Challenge 4: Mutating hotel bookings dataset

challenge_4

hotel_bookings

Saksham Kumar

More data wrangling: mutate

Author

Saksham Kumar

Published

April 12, 2023

Code

library(tidyverse)

knitr::opts_chunk$set(echo = TRUE, warning=FALSE, message=FALSE)

Challenge Overview

Today’s challenge is to:

read in a data set, and describe the data set using both words and any supporting information (e.g., tables, etc)
tidy data (as needed, including sanity checks)
identify variables that need to be mutated
mutate variables and sanity check all mutations

Read in data

We read in the hotel_bookings.csv dataset, using the correct R package and command.

Code

bookings<-read_csv("_data/hotel_bookings.csv", show_col_types = FALSE)
bookings

Briefly describe the data

The data corresponds to hotel bookings. There are 119390 rows and 32 variables in our data. The 32 data types and their data types are mentioned below.

Code

spec(bookings)

cols(
  hotel = col_character(),
  is_canceled = col_double(),
  lead_time = col_double(),
  arrival_date_year = col_double(),
  arrival_date_month = col_character(),
  arrival_date_week_number = col_double(),
  arrival_date_day_of_month = col_double(),
  stays_in_weekend_nights = col_double(),
  stays_in_week_nights = col_double(),
  adults = col_double(),
  children = col_double(),
  babies = col_double(),
  meal = col_character(),
  country = col_character(),
  market_segment = col_character(),
  distribution_channel = col_character(),
  is_repeated_guest = col_double(),
  previous_cancellations = col_double(),
  previous_bookings_not_canceled = col_double(),
  reserved_room_type = col_character(),
  assigned_room_type = col_character(),
  booking_changes = col_double(),
  deposit_type = col_character(),
  agent = col_character(),
  company = col_character(),
  days_in_waiting_list = col_double(),
  customer_type = col_character(),
  adr = col_double(),
  required_car_parking_spaces = col_double(),
  total_of_special_requests = col_double(),
  reservation_status = col_character(),
  reservation_status_date = col_date(format = "")
)

Tidy Data (as needed)

The data looks clean for an initial analysis and does not need to be tidied.

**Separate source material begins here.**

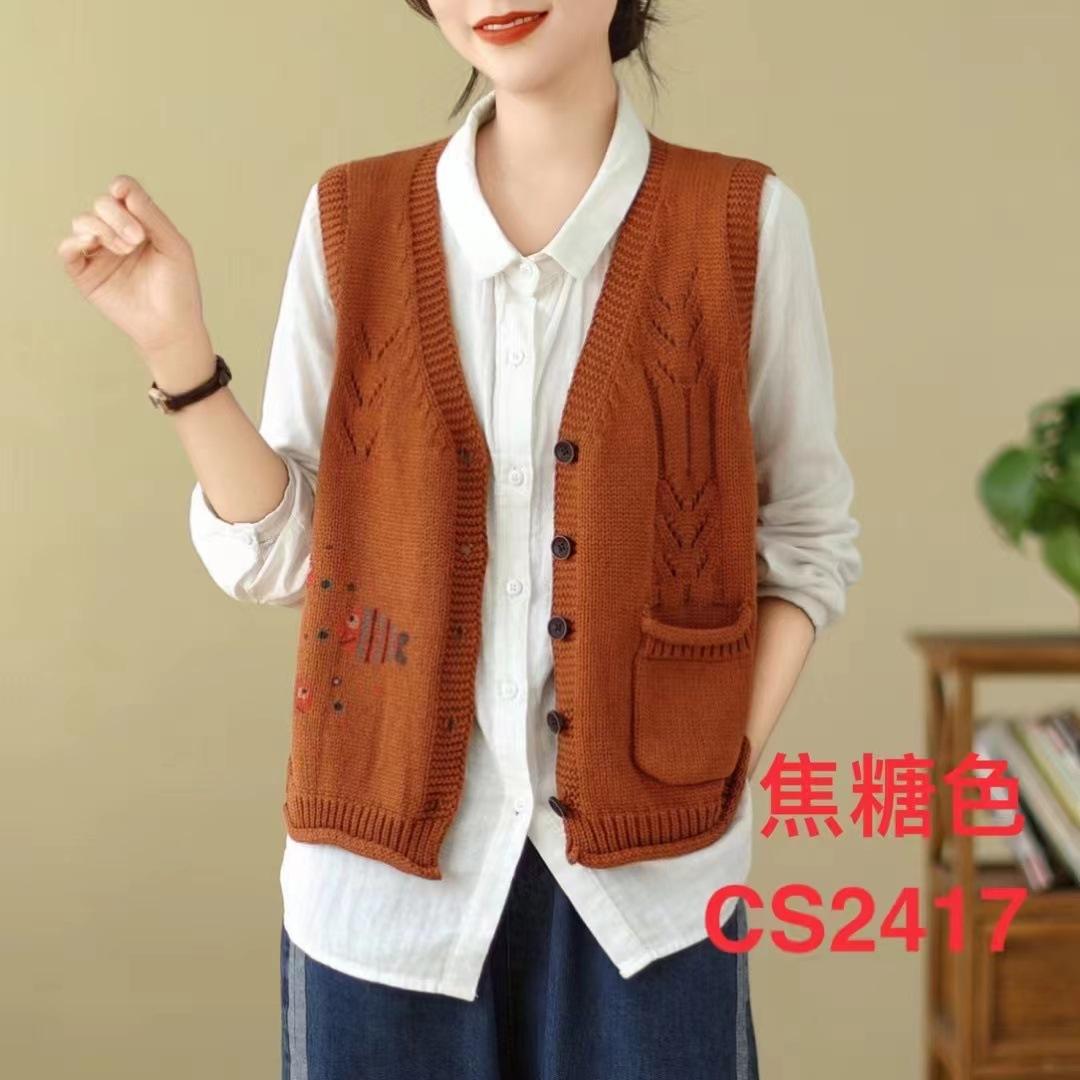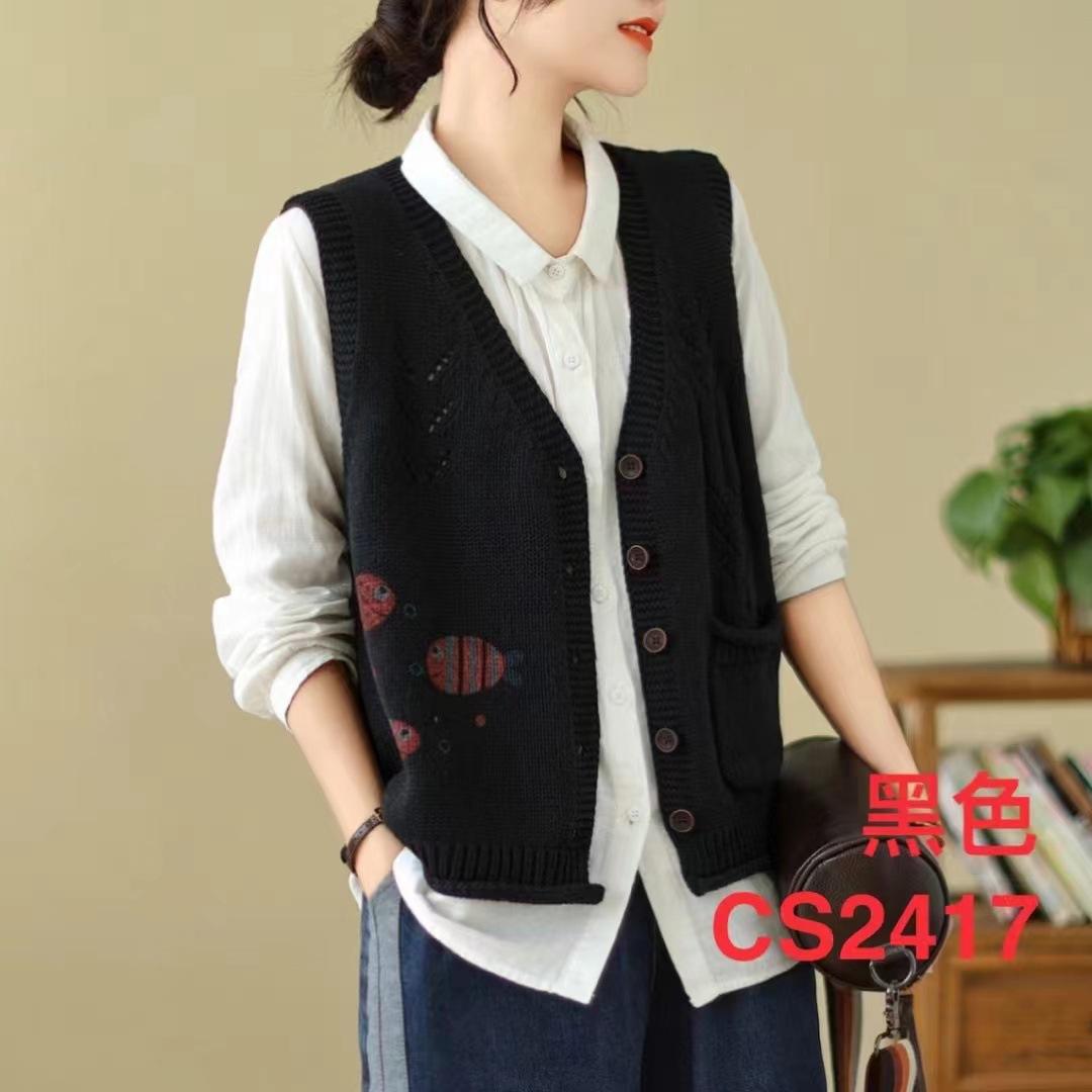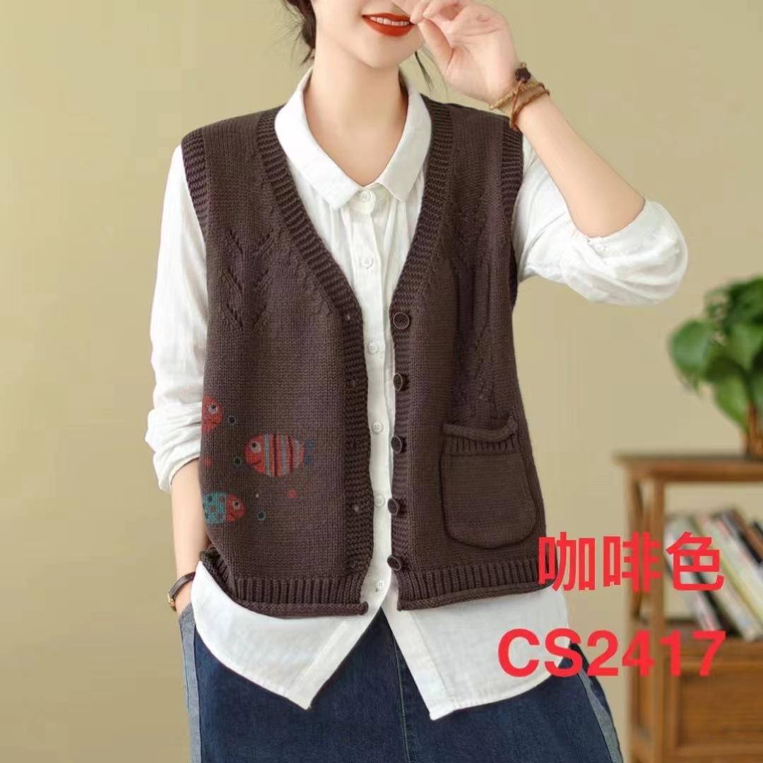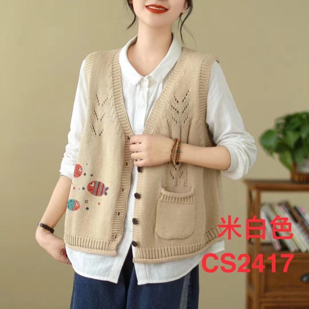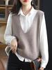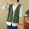Cárdigan de punto de algodón de estilo artístico para mujer, chaleco primavera 2024 Nuevo versátil estilo occidental cuello en V sin mangas suéter chaleco

Identify variables that need to be mutated

Looking at the data we see that we have 3 variables that can be coalesced into one - arrival_date_day_of_month, arrival_date_month, arrival_date_year.

Using mutate the first three fields can be combined into a single arrival date field.

Code

bookings_mutate_date_arrival<-bookings%>%
  mutate(date_arrival = str_c(arrival_date_day_of_month, arrival_date_month, arrival_date_year, sep="/"))

bookings_mutate_strToDate<-bookings_mutate_date_arrival%>%
  mutate(date_arrival = dmy(date_arrival))

bookings_mutate_strToDate[ , c("arrival_date_day_of_month", "arrival_date_month", "arrival_date_year", "date_arrival")]

Code

summary(bookings_mutate_strToDate$date_arrival)

        Min.      1st Qu.       Median         Mean      3rd Qu.         Max. 
"2015-07-01" "2016-03-13" "2016-09-06" "2016-08-28" "2017-03-18" "2017-08-31"

We can now clean the data by removing the now redundant variables arrival_date_day_of_month, arrival_date_month and arrival_date_year

Code

bookings_final <- bookings_mutate_strToDate%>%
  select(-starts_with("arrival"))

bookings_final